The key to success in hunting is equal parts skill and knowledge, plus a whole lot of luck. You can be the best marksman and still wind up dealing with poor conditions and other misfortunes. On the other hand, sometimes luck just happens to be on your side.

The first hunting experience I shared with my husband was during an early river antlerless season. At the time we were only dating.

We had gotten permission to hunt a private pasture in Antelope County. We’d gone out prior to opening day and set up a ground blind on the side of a deep ravine.
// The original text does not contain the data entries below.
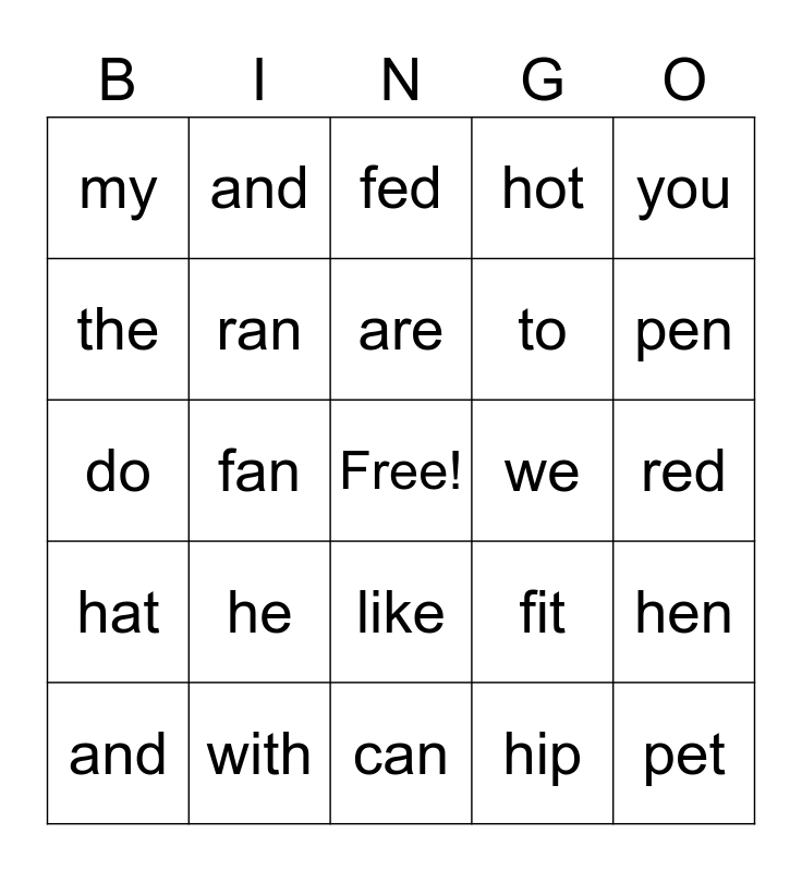 This bingo card has a free space and 24 words: he, with, are, and, you, my, the, and, we, like, to, do, fit, hen, ran, hip, red, fed, pen, fan, pet, hat, hot and can.
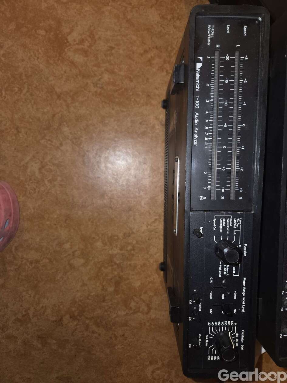 Nakamichi T-100 Audio Analyzer – ett mycket fint och numera samlarvärt testinstrument från 1970-talet/80-talet, som användes för att analysera ljudnivåer, distorsion (THD), wow & flutter (bandhastighetsvariationer) och frekvensrespons – främst vid kalibrering av bandspelare och hi-fi-utrustning.
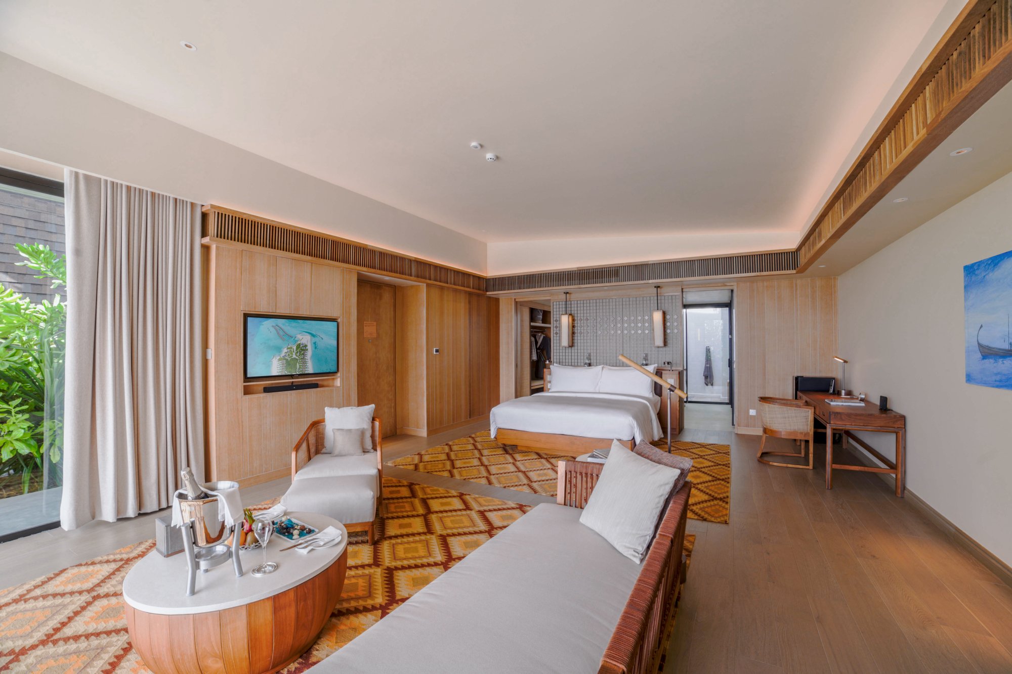 Posuňte svoj pobyt na Maldivách na vyššiu úroveň a ubytujte sa v tejto rozľahlej vile (664 m2) so štyrmi spálňami, ktorá predstavuje vrchol luxusu. Elegantný interiér je zariadený upokojujúcimi neutrálnymi tónmi a prírodnými materiálmi. Každá zo spální disponuje vlastnou kúpeľňou. Osviežte sa v súkromnom vonkajšom bazéne alebo si doprajte relaxačný kúpeľ v exkluzívnej vani pre dvoch. Okrem toho sa môžete tešiť na priestrannú terasu, odkiaľ sa odkrýva dych vyrážajúci výhľad na Indický oceán. Maximálna kapacita: 12 dospelých alebo 8 dospelých a 4 deti.
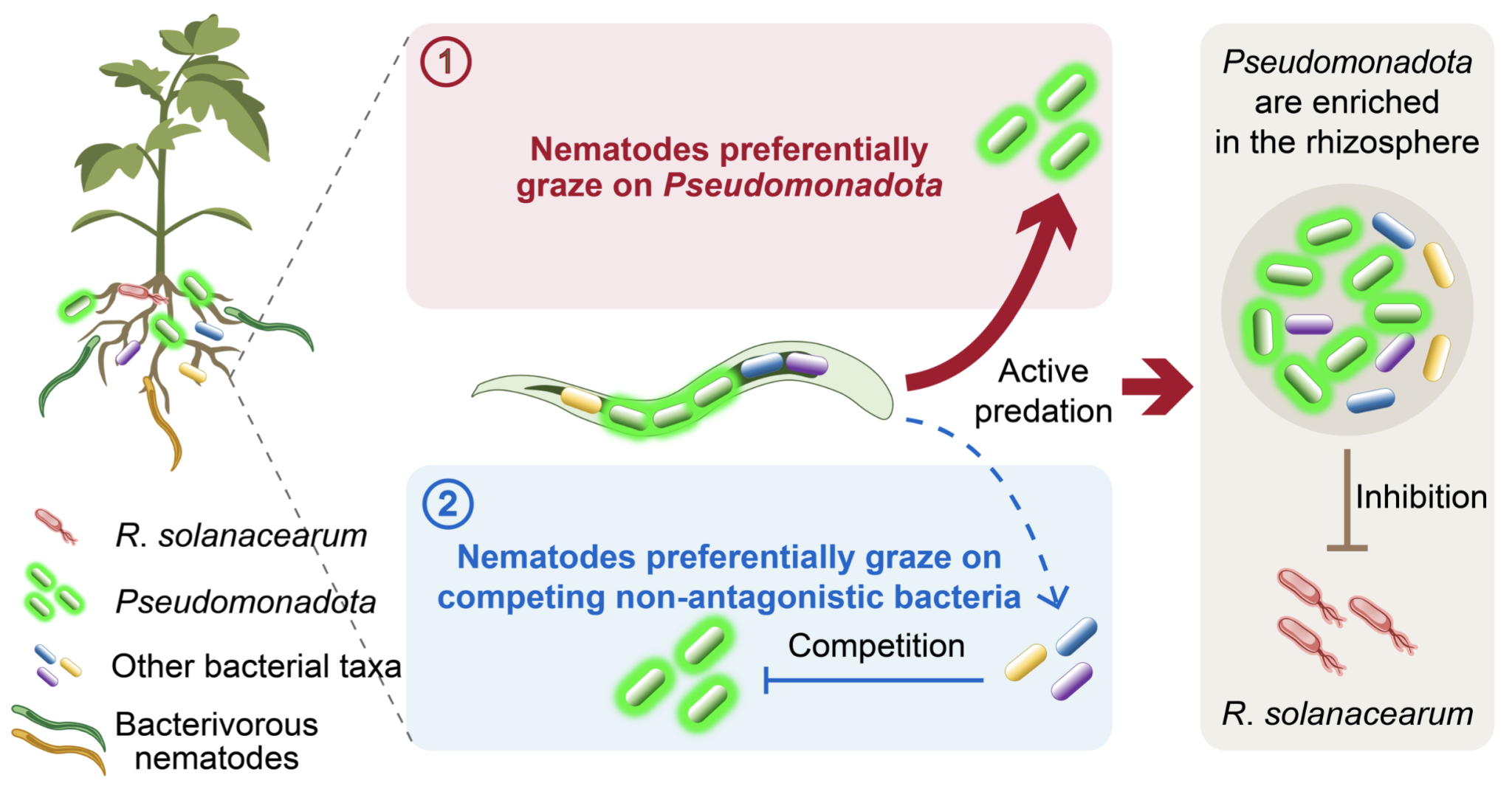 研究发现:1) 线虫与假单胞菌门关联更强的样地,其细菌性青枯病发病率更低;2) 线虫捕食选择性地在根际富集假单胞菌门,同时降低青枯菌密度和植株发病率;3) 偏好放牧驱动了这一富集过程:假单胞菌门在线虫肠道细菌序列中占比超过95%,且该偏好类群具有中等拮抗能力、较小细胞体积和较高代谢活性。
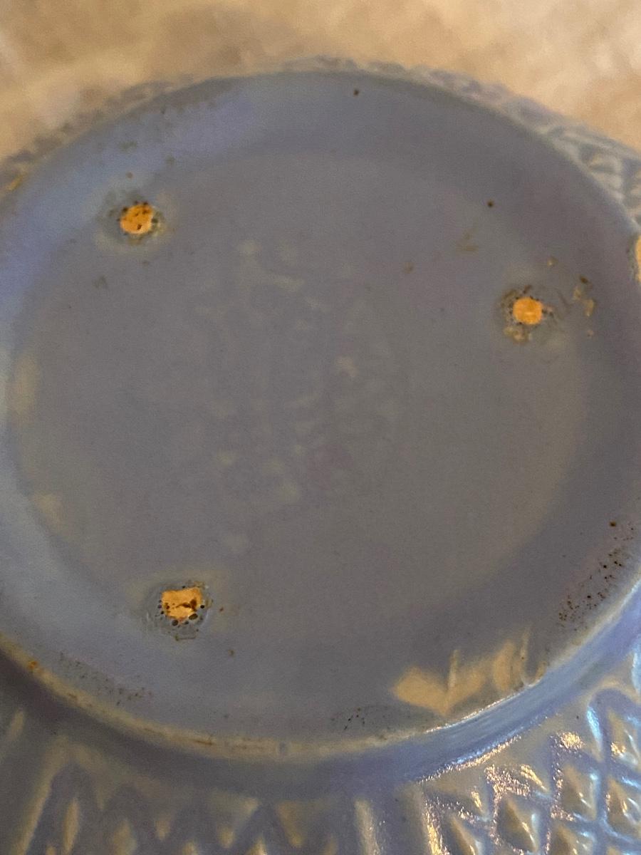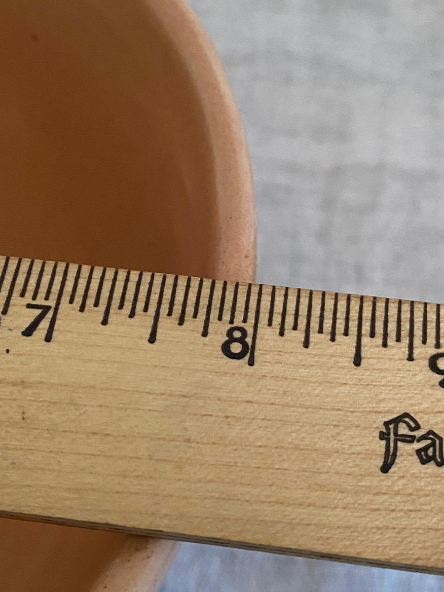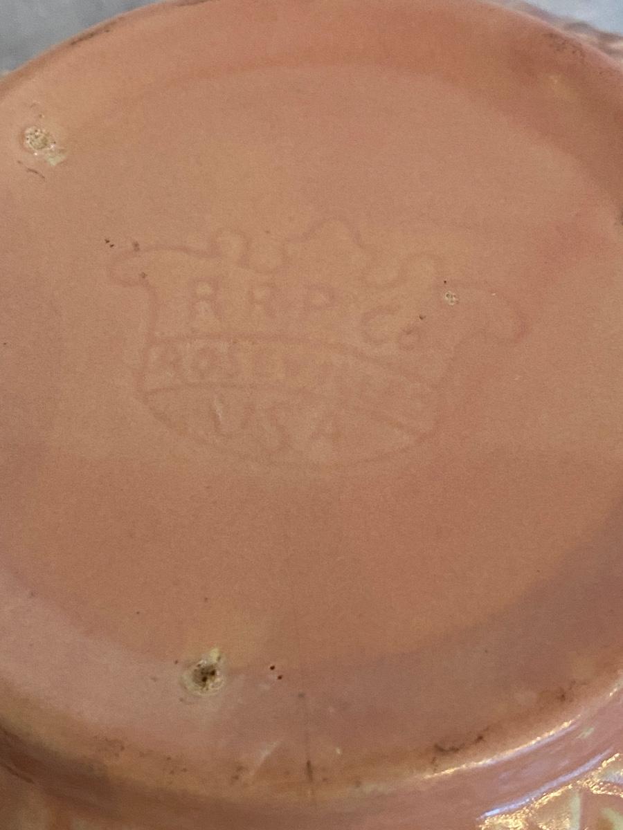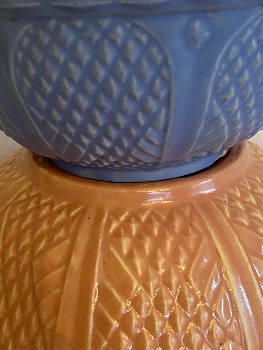 Robinson Ransbottom 8 and 6.5" inch Bowls, Diamond Hobnail. Has a pretty raised diamond hobnail design and warm glaze. The bowl is in vintage condition with signs of past batters stirred, but no cracks or chips.
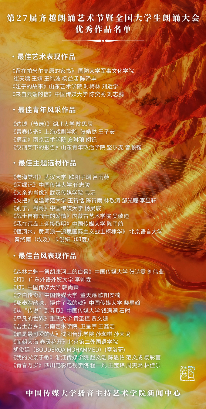 在纪念中国人民抗日战争暨世界反法西斯战争胜利80周年的历史节点上,恰逢“十四五”圆满收官、“十五五”扬帆启航的新起点,齐越朗诵艺术节暨全国大学生朗诵大会以青春之声做笔谱写时代新篇,引领青年学子在时代征程Beat365承红色基因,不断汲取奋进力量。

He made sure we had enough cover to stay hidden but also enough space for a clear shooting lane should a deer make its way through.

The river antlerless season in early October allows for hunters to take a doe, as long as they are within 3 miles of a river. It is a good way to get out before rifle season and enjoy much milder weather.

So the afternoon of opening day we made our way to the blind and got situated inside. Then began the wait. We passed the time by telling stories under our breath, while keeping our eyes peeled on the ravine bottom.

Every so often we would hear a rustle in the leaves only to discover a squirrel was scampering around. Eventually, movement caught our attention on the opposite side of the ravine. A flock of turkeys emerged over the crest and down to the bottom of the gully. They walked within 15 yards of our blind. Both of us held our breath as the group passed us by and disappeared over the hill.

I had never been that close to wildlife before and watching them in their natural habitat was a thrill.

With the turkeys gone, we got back to the business on hand: felling a deer. We had been hunkered down for a couple of hours, when finally something caught my eye. Off to the right of our blind and 40 yards off, I spotted a doe. At first he didn’t see it and almost thought I was pulling his leg.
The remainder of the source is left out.